7. Common pitfalls to avoid
- Purchasing an annuity from an unlicensed or poorly rated insurer. The annuity issuer should be licensed to do business in South Dakota and financially stable.
- Failing to get explicit court approval. If the settlement involves a minor, failing to obtain court approval can cause later legal problems and may require reopening the settlement.
- Not accounting for future needs such as education, medical care, or loss of government benefits (e.g., Medicaid or SSI). Large lump sums can unintentionally disqualify a child from means‑tested benefits unless structured correctly.
- Choosing an irrevocable schedule too inflexible for realistic future needs. Some annuities permit survivor options or limited flexibility; discuss options before purchase.
8. Helpful South Dakota resources and statutes
Start your research or case filing with these official resources:
- South Dakota Codified Laws (probate, guardianship, and related statutes): https://sdlegislature.gov/Statutes/Codified_Laws/
- South Dakota court information and local circuit court contacts (to find the appropriate court and local procedures): https://ujs.sd.gov/
Takeaway: The safest path for settlement funds for a child in South Dakota is a court‑approved plan that either purchases a structured annuity from a licensed insurer or places funds under court supervision (guardian/conservator or blocked account).

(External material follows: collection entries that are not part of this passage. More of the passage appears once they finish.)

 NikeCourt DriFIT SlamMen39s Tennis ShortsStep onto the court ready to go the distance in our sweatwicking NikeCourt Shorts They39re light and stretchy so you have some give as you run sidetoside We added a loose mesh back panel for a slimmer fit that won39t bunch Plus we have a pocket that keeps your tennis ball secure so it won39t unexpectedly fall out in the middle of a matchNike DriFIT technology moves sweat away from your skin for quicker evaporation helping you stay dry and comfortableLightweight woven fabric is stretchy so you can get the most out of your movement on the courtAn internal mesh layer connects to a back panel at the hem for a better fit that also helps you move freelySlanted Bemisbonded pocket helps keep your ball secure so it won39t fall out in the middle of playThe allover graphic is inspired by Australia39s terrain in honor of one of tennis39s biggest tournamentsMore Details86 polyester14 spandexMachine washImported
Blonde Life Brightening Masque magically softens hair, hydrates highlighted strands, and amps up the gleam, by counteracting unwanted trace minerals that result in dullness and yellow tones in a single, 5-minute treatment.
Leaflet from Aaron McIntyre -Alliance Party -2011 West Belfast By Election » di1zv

That protects the child, keeps funds available for long‑term needs, and satisfies court fiduciary standards.
Important disclaimer: This article provides general information about South Dakota procedures. It is not legal advice. Laws change and every situation is unique. Before you sign settlement documents, buy an annuity, or petition a court, consult a licensed South Dakota attorney who handles minor settlements, guardianship matters, and structured settlement transactions.
Helpful Hints — Practical checklist when planning an annuity for a child
- Engage an attorney experienced with minor settlements and guardianship in South Dakota early—court forms and notices vary by county.

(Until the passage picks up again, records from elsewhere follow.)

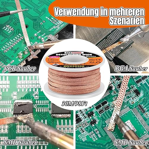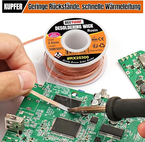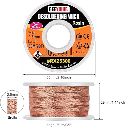 BEEYUIHF Entlötlitze, 30M - 98ft Entlötdraht, 2.5mm No-Clean Löt Entlötlitze, Dochte Litzen zum Entlöten, Entlötdocht zum Entfernen des Lötzinns zum Zerlegen elektrischer Komponenten 30 m Spule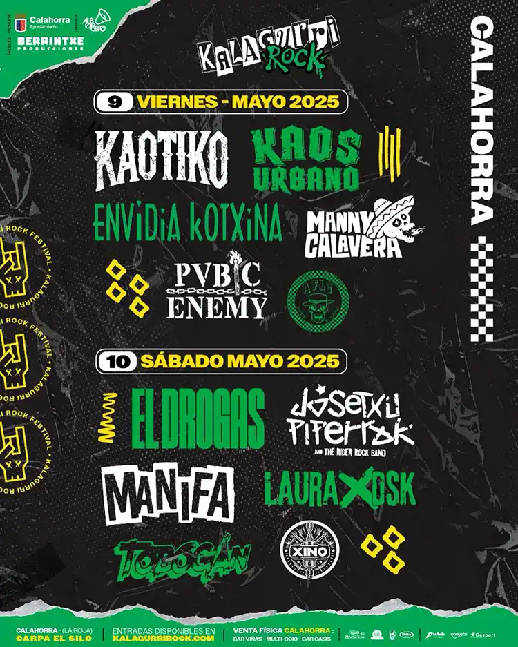 Los días 9 y 10 de mayo se celebrará una nueva edición del KalagurriRock, que se llevará a cabo en la Carpa El Silo (Calahorra, La Rioja). En la primera jornada actuarán Kaos Urbano, Kaotiko, Envidia Kotxina, Manny Calavera, Pubic Enemy y Afli. Al día siguiente le tocará el turno a El Drogas, Josetxu Piperrak & The Riber Rock Band, Manifa, Xino. Laura DSK, Tobogán. Abonos a la venta la precio de 37 euros más gastos en https://www.enterticket.es. Entradas de día al precio de 25 euros más gastos en https://www.enterticket.es.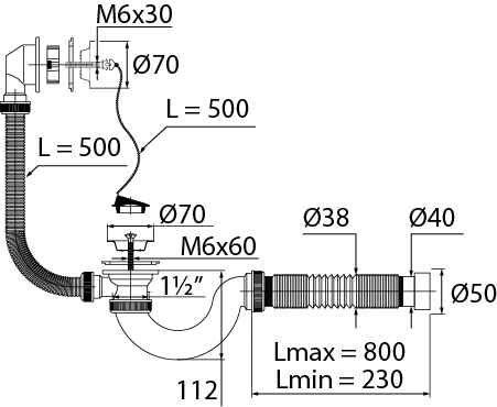 VIRPLAST Слив-перелив "МИНИ Элит" с нержавеющими чашками и гофротрубой (Ø40/50)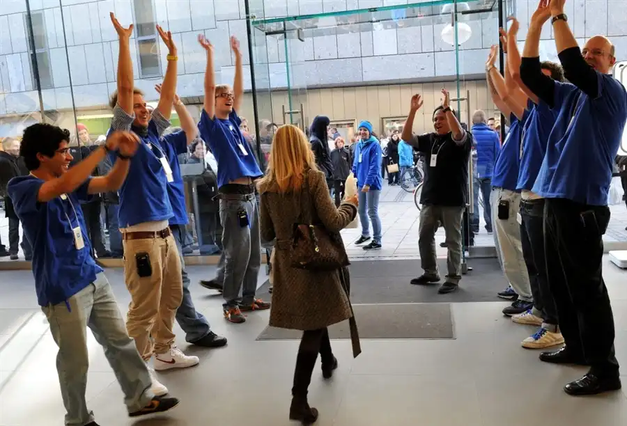 Сотрудники магазина аплодируют первым покупателям, которые приобрели новый iPhone 4S в Apple Store в Мюнхене. 28 октября смартфон планируется вывести в Австрию, Бельгию, Чешскую Республику, Данию, Эстонию, Финляндию, Венгрию, Ирландию, Италию, Латвию, Лихтенштейн, Литву, Люксембург, Мексику, Нидерланды, Норвегию, Сингапур, Словакию, Словению, Испанию, Швецию и Швейцарию - всего 22 государства.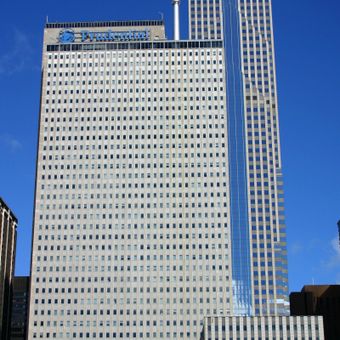 One Prudential Plaza atteint 183 mètres de hauteur avec 41 étages, présentant des façades en verre et des silhouettes linéaires caractéristiques.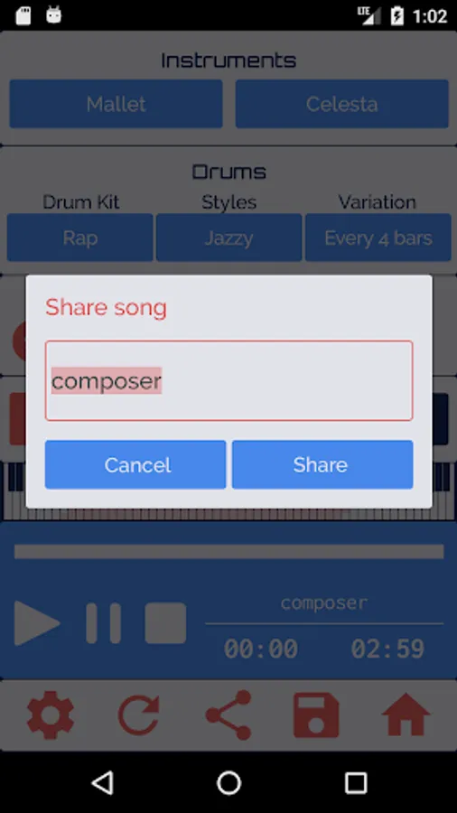 Composer lite creates and composes original music and songs with melodies and drum beats, through random algorithms, up to 2 minutes and 59 seconds length (60 minutes in paid version). Without the need of any musical skill .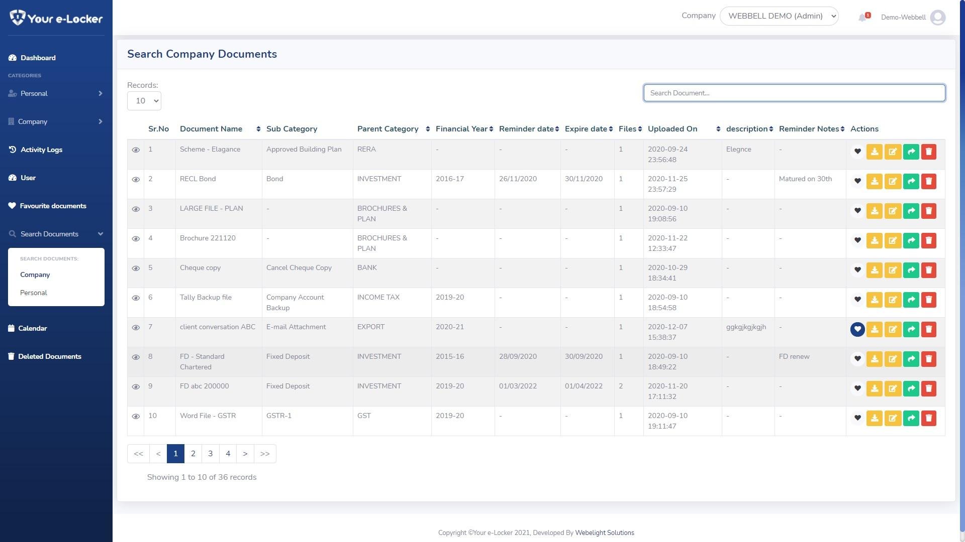 Your e-Locker is a Unique Cloud based Ultra Modern Documents Management Software with Features like Pre-defined Structure, Financial Year wise Sorting, Expiry Alert, Users Management and much more.

- Obtain at least two written annuity quotes from financially rated insurers licensed in South Dakota. Compare payment schedules, guarantees, and optional riders (cost of living adjustment, survivor benefits).

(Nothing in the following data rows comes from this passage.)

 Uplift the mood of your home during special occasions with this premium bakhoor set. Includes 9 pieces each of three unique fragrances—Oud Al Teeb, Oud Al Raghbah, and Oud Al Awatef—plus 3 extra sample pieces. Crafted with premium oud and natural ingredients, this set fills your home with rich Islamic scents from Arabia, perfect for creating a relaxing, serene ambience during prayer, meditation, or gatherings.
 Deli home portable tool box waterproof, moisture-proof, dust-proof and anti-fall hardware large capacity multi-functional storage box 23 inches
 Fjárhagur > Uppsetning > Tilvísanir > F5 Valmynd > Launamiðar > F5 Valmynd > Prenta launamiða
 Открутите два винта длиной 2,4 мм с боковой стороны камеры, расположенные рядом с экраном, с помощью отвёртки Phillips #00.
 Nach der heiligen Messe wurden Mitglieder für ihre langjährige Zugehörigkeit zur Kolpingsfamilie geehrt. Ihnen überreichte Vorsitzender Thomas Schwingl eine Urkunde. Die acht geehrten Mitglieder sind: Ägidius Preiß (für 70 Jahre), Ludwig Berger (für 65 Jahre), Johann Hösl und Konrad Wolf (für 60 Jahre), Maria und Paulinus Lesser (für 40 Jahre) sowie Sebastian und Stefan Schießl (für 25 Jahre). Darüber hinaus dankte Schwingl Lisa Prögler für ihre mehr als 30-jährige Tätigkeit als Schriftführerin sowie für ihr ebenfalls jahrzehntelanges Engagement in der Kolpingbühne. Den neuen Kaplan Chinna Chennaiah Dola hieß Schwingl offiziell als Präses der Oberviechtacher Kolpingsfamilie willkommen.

- Ask the court to approve the specific annuity contract in the settlement order so payments cannot be diverted later without court permission.
- Ask the court whether a bond is required for the guardian and who will pay for it; factor bond cost into your plan.
- Consider splitting funds—some liquid dollars for current needs and an annuity for long‑term security.
- Coordinate with a tax advisor if settlement proceeds include non‑physical injury components or interest. Don’t assume all settlement money is tax‑free without confirmation.
- If the child receives means‑tested benefits, check with a benefits specialist or attorney before accepting a lump sum—structuring may be necessary to preserve eligibility.
- Keep meticulous records, bank statements, and receipts; a guardian must provide accountings to the court on a schedule set by the judge.
- Before signing annuity contracts, read provisions about surrender rights, transferability, and what happens if the annuity issuer becomes insolvent.